Combs &c. Families
Email From Sam Whitby, Cumbo/Cumbia family researcher [21 Mar 2002]
Dear Combs Family Webmaster,
This morning at the Library of Virginia in Richmond, VA, I checked the Halifax County Virginia Marriage Bond and Register, No. 1, 1753-1889, on microfilm. On p. 55 there was a record of the marriage of Thomas Comba [that spelling] to Agness Wetherford [that spelling], January 12, 1804. Henry J. Cobb was bondsman. The witness name was illegible, but it looked like Charles Cumby.
I had seen the document before, and I checked it again this morning, just to be sure before writing to you. It seemed that you might find this interesting, because you mentioned the marriage on your Combs family genealogy page. It is interesting to me because I am a descendent of Thomas Cumby and his wife Agness [also spelled Agnes]. Thomas's surname has been spelled several ways, including Cumba, Cumboa, Comboa, and Cumbey. Later, it was usually Cumby. I have seen it spelled Combs or Cumbs only in transcriptions that were - to be kind- in error. The variant spellings were due to the fact that Thomas could not read or write, and his name was spelled the way it sounded to various officials who needed to record it.
Thomas and Agness had three children whose names are known to me: Major Weatherford Cumbia, George A. Cumby/later Cumbia, and Catharine Cumby Pritchard. There were at least three more male sons who I have not been able to identify. George Cumby was my great grandfather's father. By the time my grandfather arrived on the scene, the surname of his branch was spelled Cumbia.
I will admit to you that I doubt that there is much if any family connection between the Combs and Cumby lines. Your page was still interesting, and you have obviously done a lot of careful work. You are generous and kind to share the information on the Internet. I hope to check your page from time to time, and I expect it to remain interesting and to perhaps be useful to Cumby family researchers. Maybe the above notes on Thomas and Agness will be helpful to you.

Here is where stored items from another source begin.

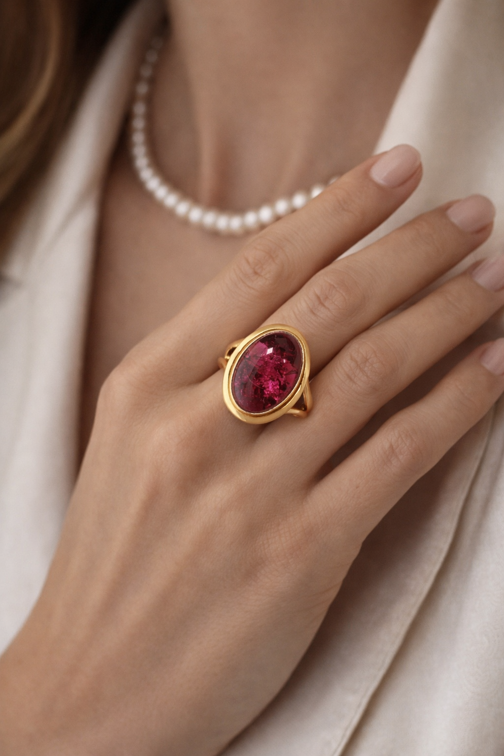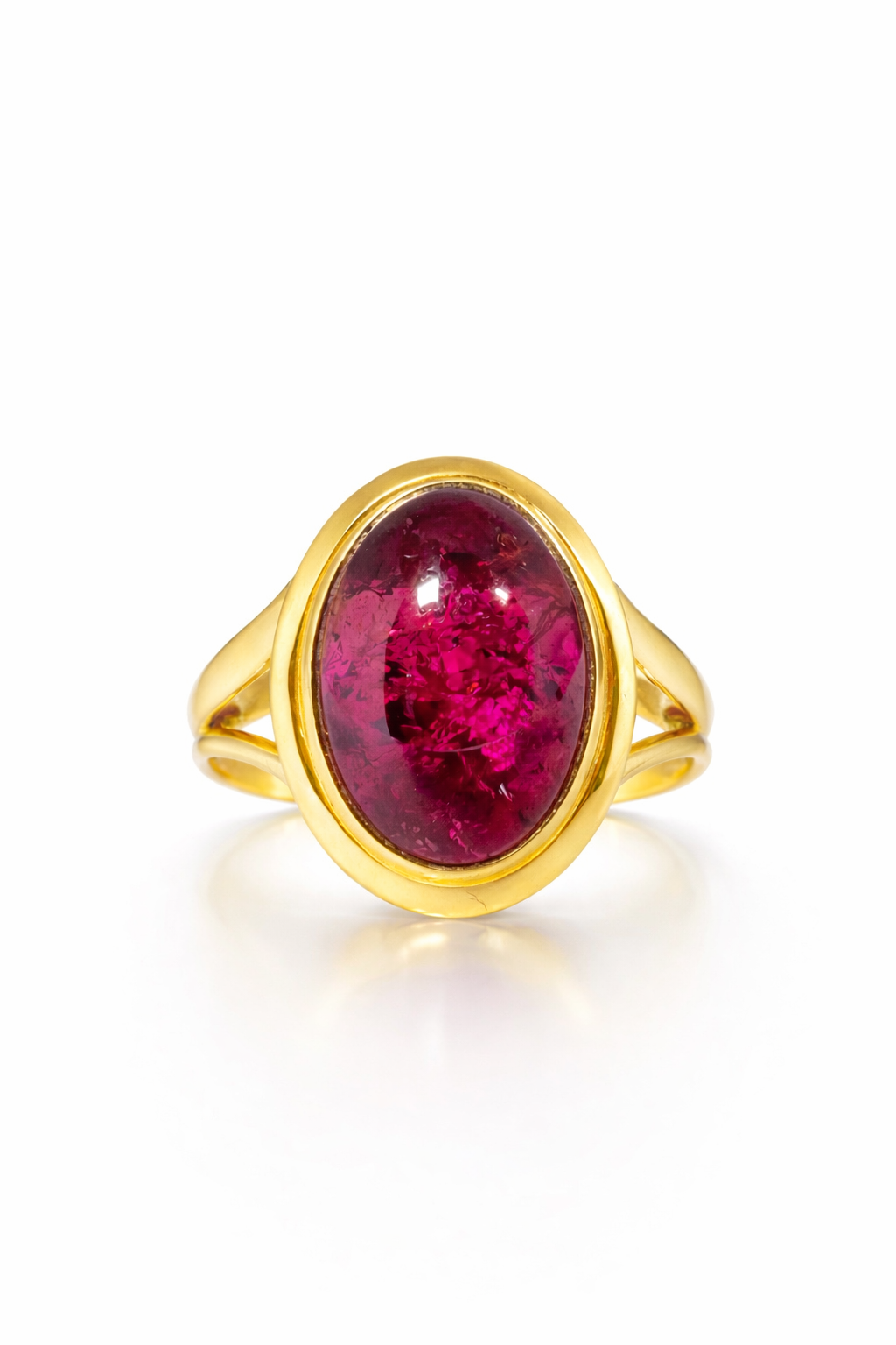 Bold, romantic, and unmistakably luxurious, The Verona Tourmaline Ring is a striking statement piece crafted for those who appreciate rare colour and timeless design. Set in rich polished yellow gold, this elegant ring features a captivating oval rubellite tourmaline, celebrated for its deep raspberry-red hue and luminous natural character.
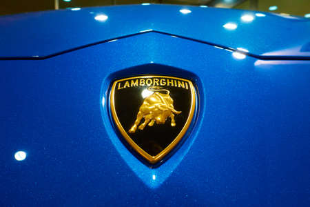 Bucharest, Romania - October 23, 2019: Illustrative editorial close up shot of the Lamborghini logo on a car. Lamborghini is an Italian luxury sports car manufacturer.
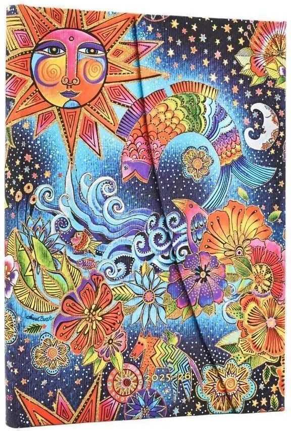 Kalendarz książkowy midi 25/26 18M Celestial Magic paperblanks ✅ ✔️ Kalendarz 18-miesięczny (lipiec 2025-grudzień 2026) ekskluzywnej marki Paperblanks, Okładka z akwarelą wykonaną przez japońskiego artystę, wzorowaną na motywach obrazów Laurel Burch, Format Midi typu Horizontal - cały tydzień …
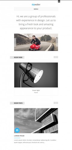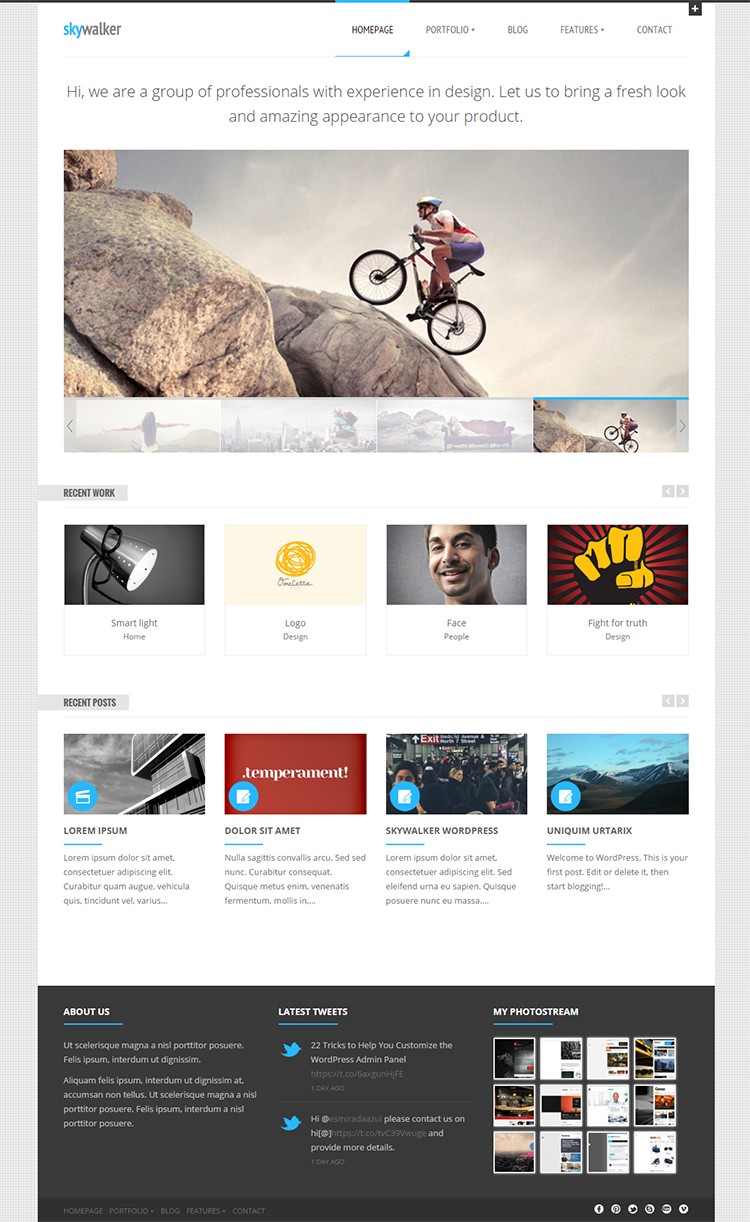 SkyWalker is a Premium WordPress Theme with responsive, clean and minimalist layout. It is packed with many image sliders with beautiful transition effects to help you highlight your recent works and projects.

Agness's father, by the way, was Rev. John Weatherford, one of the first Baptist preachers in America. Rev. Weatherford was thrown in the Chesterfield jail for preaching without a license. Patrick Henry represented him, in what was an early religious freedom case.The story is that the Rev. almost drove his jailors crazy with his loud and incessant preaching. The jailors beat him on the hands as he held himself up to the jailhouse window by the bars, leaving scars that remained for the rest of his life.